Uma das afirmações mais absurdas que se podem escutar no nosso país, sobretudo de quem foi duas vezes ao Brasil, é a de que «isto é o verdadeiro Brasil». Por dois motivos: primeiro, porque não há «o verdadeiro Brasil»; segundo, porque, o Brasil não existe - em vez de Brasil há Brasis. Os Brasis. Era assim que muitos autores do nosso século XIX se referiam ao imenso mapa que falava português abaixo do Equador e de S. José de Macapá, para não dizer, entre as barreiras verdes e densas do Oiapoque (ligeiramente acima de S. José de Macapá, umas oito horas de estrada poeirenta até à fronteira com a Guiana), e as neblinas do pampa, rente ao Uruguai, lá no Chuí. Conheço os dois pontos.

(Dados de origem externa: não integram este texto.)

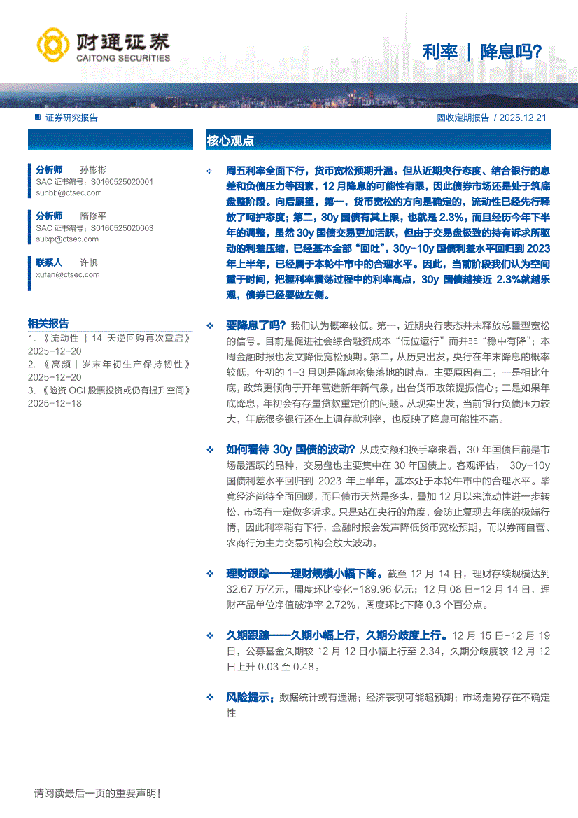 财通证券-利率|买债500亿元?还是要关注底色-251203

São lugares espantosos, sobretudo porque, na mesma altura do ano, as temperaturas chegam a atingir 40 graus centígrados de diferença. Esta é a prova exacta de que não existe apenas um Brasil. Nem dois, sequer. Por isso, quando alguém me obriga a escutar uma batucada e diz «isto é a verdadeira música do Brasil», eu rio e proponho uma chula ou um fandango da serra gaúcha, um violão gemendo em Goiás ou uma canção de Lupicínio Rodrigues, o negro de Porto Alegre. Onde está o verdadeiro Brasil?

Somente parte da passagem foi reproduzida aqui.